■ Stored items
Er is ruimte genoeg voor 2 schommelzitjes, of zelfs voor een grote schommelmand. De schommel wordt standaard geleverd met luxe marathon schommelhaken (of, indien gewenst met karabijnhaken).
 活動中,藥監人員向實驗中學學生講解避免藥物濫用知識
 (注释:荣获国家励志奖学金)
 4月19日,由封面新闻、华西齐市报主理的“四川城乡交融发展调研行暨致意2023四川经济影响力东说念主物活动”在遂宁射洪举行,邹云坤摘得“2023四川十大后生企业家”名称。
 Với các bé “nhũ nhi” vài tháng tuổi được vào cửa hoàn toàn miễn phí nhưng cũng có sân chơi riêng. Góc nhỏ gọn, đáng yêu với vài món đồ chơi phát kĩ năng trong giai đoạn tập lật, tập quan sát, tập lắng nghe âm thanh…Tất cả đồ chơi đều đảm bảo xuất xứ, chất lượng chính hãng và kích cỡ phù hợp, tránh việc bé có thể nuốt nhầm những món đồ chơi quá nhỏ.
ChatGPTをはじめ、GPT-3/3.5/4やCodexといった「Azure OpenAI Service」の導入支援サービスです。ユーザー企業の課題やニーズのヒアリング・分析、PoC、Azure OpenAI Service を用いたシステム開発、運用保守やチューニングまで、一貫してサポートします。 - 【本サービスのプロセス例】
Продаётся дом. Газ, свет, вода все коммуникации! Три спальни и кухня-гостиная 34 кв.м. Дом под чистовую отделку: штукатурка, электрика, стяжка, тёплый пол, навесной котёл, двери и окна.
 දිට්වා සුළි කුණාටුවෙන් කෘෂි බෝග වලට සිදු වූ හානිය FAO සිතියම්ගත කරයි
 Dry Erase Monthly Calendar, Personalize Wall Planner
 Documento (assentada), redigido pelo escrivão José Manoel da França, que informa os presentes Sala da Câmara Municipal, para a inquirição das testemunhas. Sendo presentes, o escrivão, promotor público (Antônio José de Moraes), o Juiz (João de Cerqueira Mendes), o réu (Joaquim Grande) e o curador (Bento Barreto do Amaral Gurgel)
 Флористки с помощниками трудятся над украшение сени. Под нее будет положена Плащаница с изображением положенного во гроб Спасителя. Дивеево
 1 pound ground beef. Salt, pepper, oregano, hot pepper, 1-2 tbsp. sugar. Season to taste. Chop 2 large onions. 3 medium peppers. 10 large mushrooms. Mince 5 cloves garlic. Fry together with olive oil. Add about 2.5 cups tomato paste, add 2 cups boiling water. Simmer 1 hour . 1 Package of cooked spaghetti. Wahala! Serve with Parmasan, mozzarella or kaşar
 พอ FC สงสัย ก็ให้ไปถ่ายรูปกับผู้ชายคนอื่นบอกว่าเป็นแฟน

■ What you should do
Retype every entry without changing anything.

■ Result below
Er is ruimte genoeg voor 2 schommelzitjes, of zelfs voor een grote schommelmand. De schommel wordt standaard geleverd met luxe marathon schommelhaken (of, indien gewenst met karabijnhaken).
 活動中,藥監人員向實驗中學學生講解避免藥物濫用知識
 (注释:荣获国家励志奖学金)
 4月19日,由封面新闻、华西齐市报主理的“四川城乡交融发展调研行暨致意2023四川经济影响力东说念主物活动”在遂宁射洪举行,邹云坤摘得“2023四川十大后生企业家”名称。
 Với các bé “nhũ nhi” vài tháng tuổi được vào cửa hoàn toàn miễn phí nhưng cũng có sân chơi riêng. Góc nhỏ gọn, đáng yêu với vài món đồ chơi phát kĩ năng trong giai đoạn tập lật, tập quan sát, tập lắng nghe âm thanh…Tất cả đồ chơi đều đảm bảo xuất xứ, chất lượng chính hãng và kích cỡ phù hợp, tránh việc bé có thể nuốt nhầm những món đồ chơi quá nhỏ.
ChatGPTをはじめ、GPT-3/3.5/4やCodexといった「Azure OpenAI Service」の導入支援サービスです。ユーザー企業の課題やニーズのヒアリング・分析、PoC、Azure OpenAI Service を用いたシステム開発、運用保守やチューニングまで、一貫してサポートします。 - 【本サービスのプロセス例】
Продаётся дом. Газ, свет, вода все коммуникации! Три спальни и кухня-гостиная 34 кв.м. Дом под чистовую отделку: штукатурка, электрика, стяжка, тёплый пол, навесной котёл, двери и окна.
 දිට්වා සුළි කුණාටුවෙන් කෘෂි බෝග වලට සිදු වූ හානිය FAO සිතියම්ගත කරයි
 Dry Erase Monthly Calendar, Personalize Wall Planner
 Documento (assentada), redigido pelo escrivão José Manoel da França, que informa os presentes Sala da Câmara Municipal, para a inquirição das testemunhas. Sendo presentes, o escrivão, promotor público (Antônio José de Moraes), o Juiz (João de Cerqueira Mendes), o réu (Joaquim Grande) e o curador (Bento Barreto do Amaral Gurgel)
 Флористки с помощниками трудятся над украшение сени. Под нее будет положена Плащаница с изображением положенного во гроб Спасителя. Дивеево
 1 pound ground beef. Salt, pepper, oregano, hot pepper, 1-2 tbsp. sugar. Season to taste. Chop 2 large onions. 3 medium peppers. 10 large mushrooms. Mince 5 cloves garlic. Fry together with olive oil. Add about 2.5 cups tomato paste, add 2 cups boiling water. Simmer 1 hour . 1 Package of cooked spaghetti. Wahala! Serve with Parmasan, mozzarella or kaşar
 พอ FC สงสัย ก็ให้ไปถ่ายรูปกับผู้ชายคนอื่นบอกว่าเป็นแฟน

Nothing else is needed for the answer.